— Зачем ты убежал, отвечай!
Он говорил громко, поскольку Мерени и Гержон Сабо как раз ошивались у кафедры, в двух шагах от них. И он достиг своей цели: оба обратили на них внимание. Они глядели на Медве, который по-прежнему не отвечал на вопрос и даже не пожал плечами. Он совсем недавно расстался с матерью и не мог думать ни о чем другом. На дежурстве был Богнар.
— Что такое? В штаны наложил? — сказал Матей, еще больше повышая голос.
Он прекрасно понимал что делает. Ворон встал, но пока еще не трогался с места. Наступила тишина. Все взоры были устремлены на них, вернее сказать на Мерени.
— А зачем вернулся? — продолжал Матей. — Кто тебя звал? Такое дерьмо.
Медве наконец поднял на него глаза.
— Зачем? С какой стати? Ну? — с дубовым упрямством допытывался Матей.
Медве чуть прищурился и почти со скучающим, сожалеющим видом без страха смотрел на своего соседа. Гержон Сабо неподвижно смотрел на Медве. А мы все на Мерени, который чуть шевельнулся.
Звякнула ручка двери. Но это был не Богнар. Напротив, это заглянул Инкей, словно отвечая на невысказанный вопрос, он сказал:
— Ладушки.
Все мы застыли на своих местах. Стояла мертвая тишина, только Матей своим вызывающим, резким голосом начал вновь:
— Зачем ты вернулся? Ну? Зачем?
Медве молчал. Неожиданно вместо него к Матею повернулся Гержон Сабо.
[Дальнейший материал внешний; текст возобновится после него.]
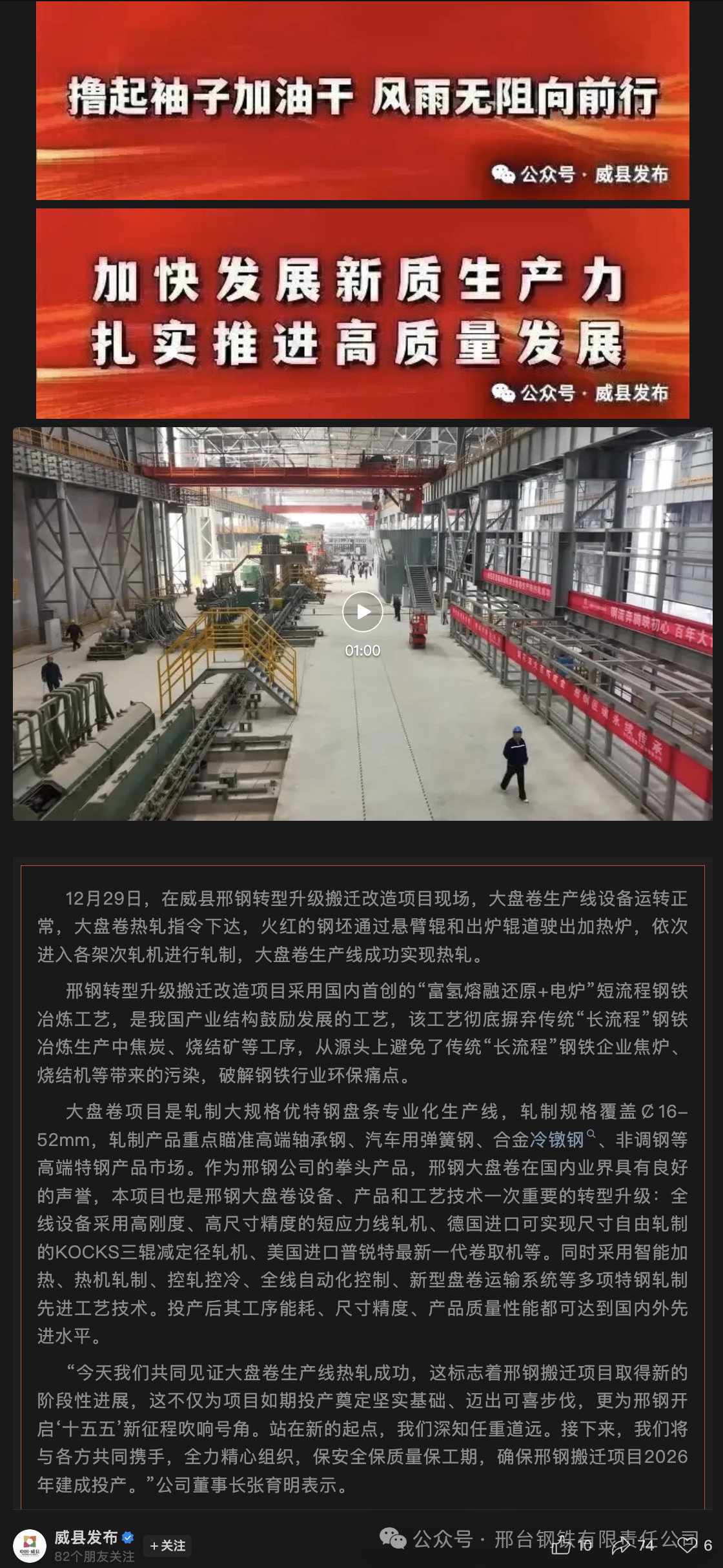 “今天我們共同見證大盤卷生產(chǎn)線熱軋成功,這標志著邢鋼搬遷項目取得新的階段性進展,這不僅為項目如期投產(chǎn)奠定堅實基礎、邁出可喜步伐,更為邢鋼開啟‘十五五’新征程吹響號角。站在新的起點,我們深知任重道遠。接下來,我們將與各方共同攜手,全力精心組織,保安全保質量保工期,確保邢鋼搬遷項目2026年建成投產(chǎn)。”公司董事長張育明表示。
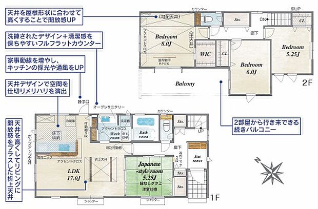 | 間取り | 4LDK 間取り内訳:和室 5.2畳(1階)・リビングダイニングキッチン 17帖(1階)・洋室 8帖(2階)・洋室 6帖(2階)・洋室 5.2帖(2階) |
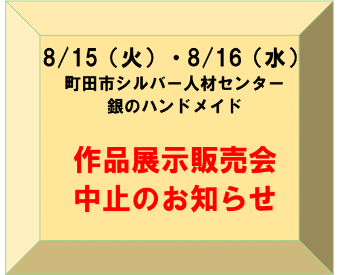 8月15日(火)16日(水)に町田店1F店頭で開催を予定しておりました町田市シルバー人材センターの『銀のハンドメイド』の手作り作品展示販売会&オカダヤ町田店手作りサンプル作品販売会は台風による悪天候が予想されるため中止とさせて頂くことになりました。
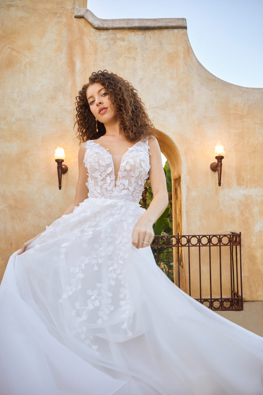 The latest “Mountain Oasis” collection from Beloved by Casablanca Bridal invites you into a world of rustic beauty. Tranquility is woven into each design inspired by nature’s untouched splendor. These gowns feature soft cascading silhouettes adorned with 3D botanical textures, highlighting the beauty of a secluded oasis.
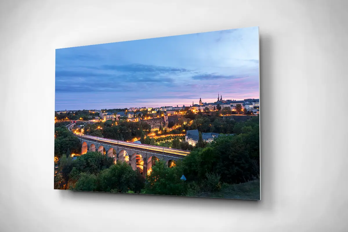 Luxembourg city skyline sunset Pfaffenthal rigid poster
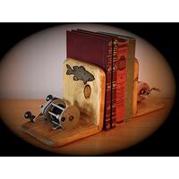 Bring your love of fishing into your home or cabin with this handcrafted set of Clearwater River bookends. Each set features vintage-style fly fishing reels on the base and a rustic bass accent at the top, creating a functional piece of décor that’s as unique as it is practical. Perfect for holding books, displaying on shelves, or gifting to the angler in your life.
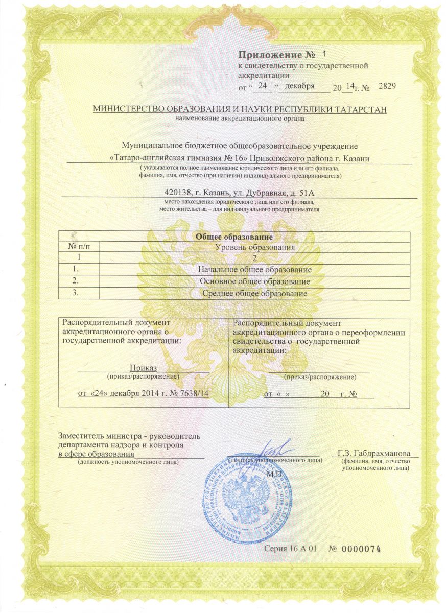Муниципальное бюджетное общеобразовательное учреждение «Татаро-английская гимназия №16» Приволжского района г. Казани
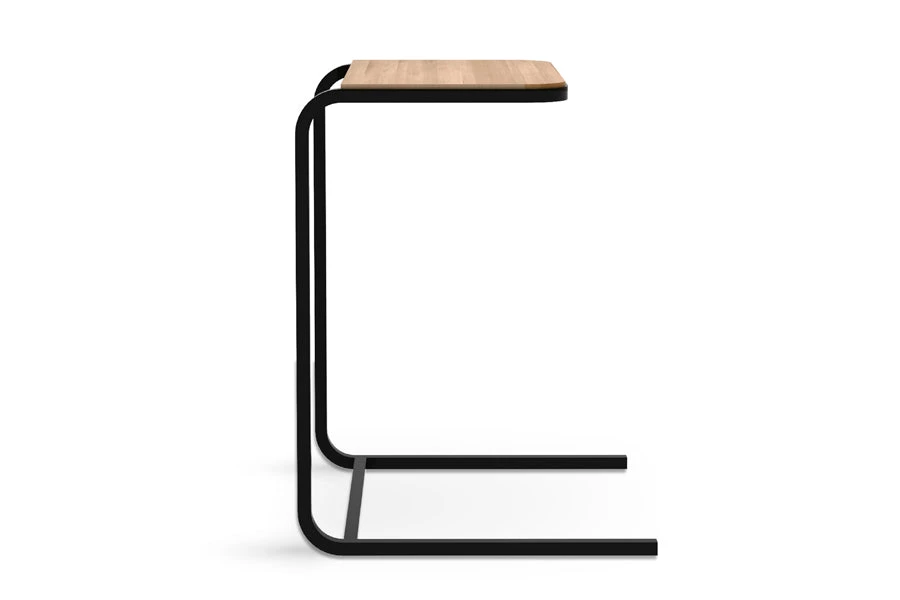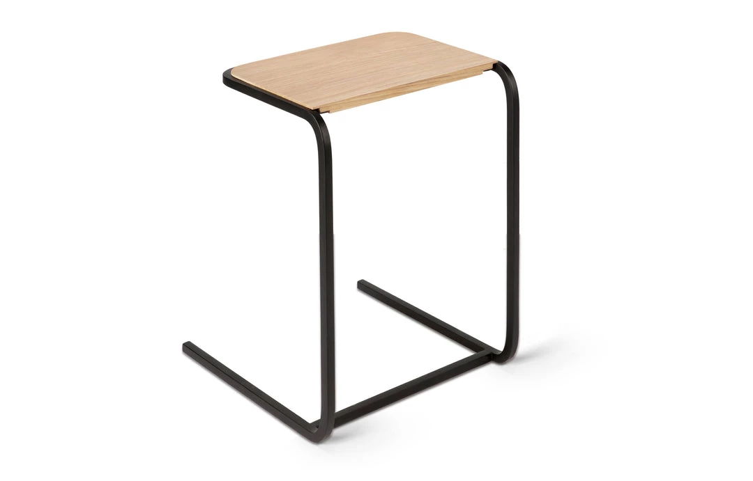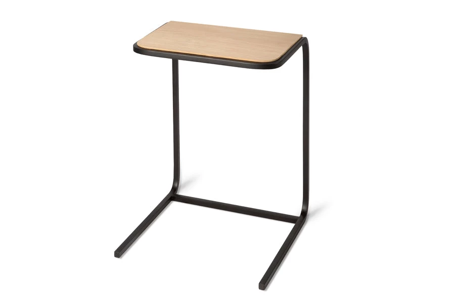 The N701 side table was designed specifically for the popular homonymous sofa. Its thin metal legs slide under the sofa smoothly, while the oak table top provides more surface. Designed by Jacques Deneef.
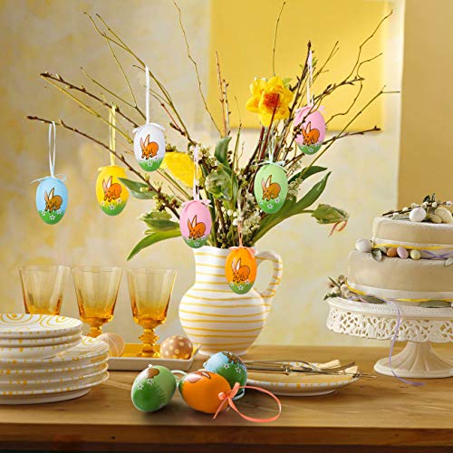 Naler Set di 12 Uova Pasquali Colorate Finte Uova da Appendere Pasquali Uova con Disegno di Coniglio Decorazioni di Festa Pasqua, 4X6CM
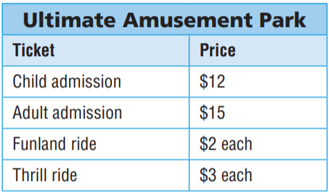 Write an expression that shows the cost of one adult admission ticket and 9 thrill ride tickets?
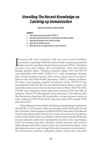 munisasi pada anak merupakan salah satu jenis layanan kesehatanmasyarakat yang paling efektif dan berhasil dalam mengurangi mortalitas akibat penyakit yang dapat dicegah dengan imunisasi (PD3I). Pemberian imunisasi yang tidak lengkap akan meningkatkan risiko anak terkena berbagai penyakit infeksi. Pandemi Coronavirus disease 2019 (COVID-19) yang disebabkan oleh infeksi SARS-CoV-2 telah mengganggu berbagai akses layanan kesehatan esensial, salah satunya adalah layanan imunisasi. Menurut data dari World Health Organization (WHO), terdapat setidaknya 68 negara yang terganggu program imunisasinya akibat COVID-19 dan mengakibatkan lebih dari 80 juta anak berisiko terkena difteri, campak, dan polio akibat menurunnya cakupan imunisasi sejak pandemi. Pada Mei 2020, UNICEF juga melaporkan adanya penurunan imunisasi DTP3 dan MR1 di Indonesia, sebesar 35% dibandingkan tahun sebelumnya. Di Indonesia, data dari Kementerian Kesehatan RI menunjukkan cakupan imunisasi menurun sejak pandemi COVID-19 dari 84,2% pada awal tahun 2020 menjadi 79,6% pada tahun 2021.

— Чтоб ты вылизал ему зад, — медленно и спокойно произнес он, — зачем же еще…
Мерени засмеялся первым. Он соскочил с возвышения и, опираясь руками о крышку крайнего столика, перепрыгнул через него. «У турка! Голый череп!» — и пошел на свое место. Драг коротко, иронически усмехнулся, Лацкович-старший гоготал, я, Бургер и остальные тоже. Ответ на это множество «зачем?» был верхом нашего солдатского остроумия. Гержону Сабо он пришел в голову, пока тот смотрел в лицо Медве.
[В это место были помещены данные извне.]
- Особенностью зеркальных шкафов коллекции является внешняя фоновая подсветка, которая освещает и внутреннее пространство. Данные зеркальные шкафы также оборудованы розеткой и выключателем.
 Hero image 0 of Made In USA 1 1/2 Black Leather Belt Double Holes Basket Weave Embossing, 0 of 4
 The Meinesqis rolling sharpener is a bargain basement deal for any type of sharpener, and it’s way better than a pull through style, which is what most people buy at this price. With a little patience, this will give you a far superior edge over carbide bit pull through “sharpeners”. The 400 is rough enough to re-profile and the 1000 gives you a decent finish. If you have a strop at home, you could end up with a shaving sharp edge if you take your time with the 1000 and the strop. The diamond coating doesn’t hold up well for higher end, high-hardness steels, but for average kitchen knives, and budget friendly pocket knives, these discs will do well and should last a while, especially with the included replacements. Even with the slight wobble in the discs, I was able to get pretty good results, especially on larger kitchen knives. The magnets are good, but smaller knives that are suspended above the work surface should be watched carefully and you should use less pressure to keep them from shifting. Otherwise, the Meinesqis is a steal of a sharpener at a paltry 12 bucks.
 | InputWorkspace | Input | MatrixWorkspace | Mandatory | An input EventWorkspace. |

Матея выставили на посмешище. Он всем надоел этими своими «зачем?». Однако все это вовсе не означало, что хоть кто-нибудь, и уж конечно не Мерени, держит сторону Медве. Это означало лишь то, что приставания Матея глупы, что он сел в лужу. А намерения его были благие; и в конце концов совсем несправедливо он стал жертвой своего благонамеренного рвения. Нечто подобное не раз случалось и раньше.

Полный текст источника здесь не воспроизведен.